Trump Puts Forward Tax Plan For Ultra Rich & Big Business

Treasury Secretary Steven Mnuchin (left) and National Economic Advisor Gary Cohn introduced the Trump administration's tax plan on Wednesday. (Photo: Reuters)

By Deirdre Fulton for Common Dreams – Decrying Trump’s proposal as “a very big step in precisely the wrong direction,” the Economic Policy Institute’s Josh Bivens and Hunter Blair wrote of the pass-through tax cut that “it will help private equity managers and people like President Trump: wealthy people who will now be able to reconfigure their taxes by reclassifying themselves as independent contractors.
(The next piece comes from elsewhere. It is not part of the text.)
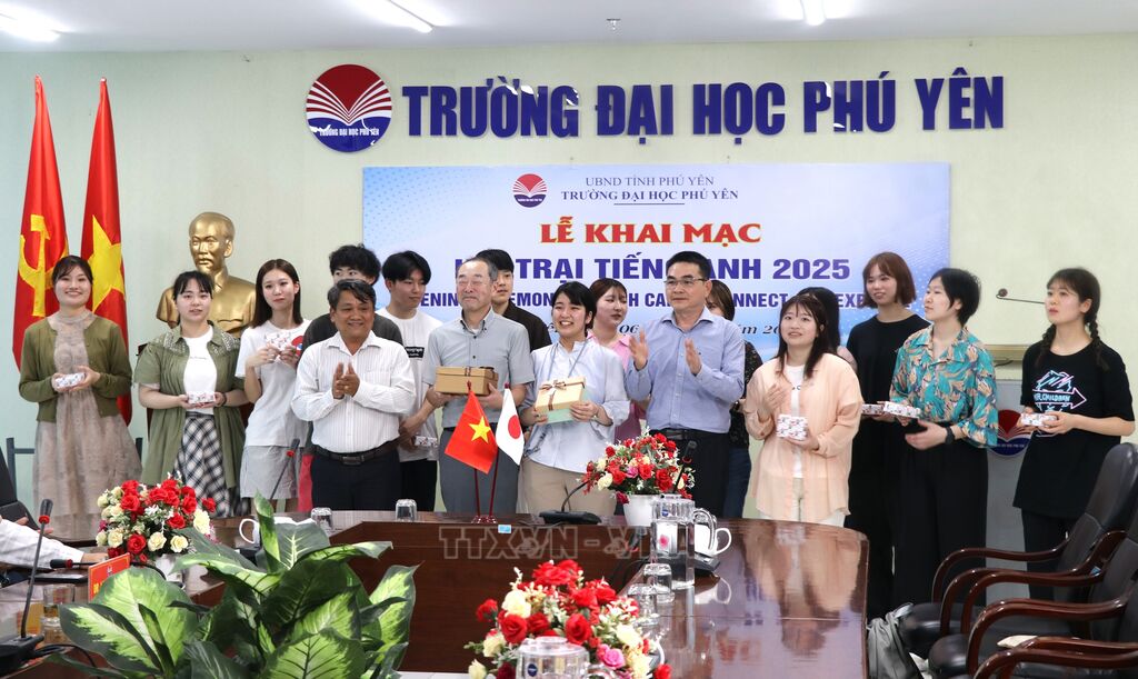 フーイエン省とフーイエン大学の指導者が、和歌山信愛大学の教員と学生の訪問団に贈り物を贈呈(写真:Tường Quân/TTXVN) |

This isn’t theory, this is exactly what happened in Kansas.” In that state, Blair elaborated in a separate post on Wednesday, establishing a pass-through loophole led to “even more lost tax revenue.” Another aspect of Trump’s plan would eliminate the alternative minimum tax, or AMT, which was established to ensure that the super-rich are not able to use loopholes to escape their tax liability altogether. Trump’s 2005 tax return showed that for that year, “he paid 25 percent of $153 million in taxable income instead of the less than 4 percent that he would have paid without” the AMT, as the New York Times reported when the return was released last month. Cohn also announced that the administration’s proposal would repeal the so-called “estate tax” on holdings transferred from deceased people to their heirs.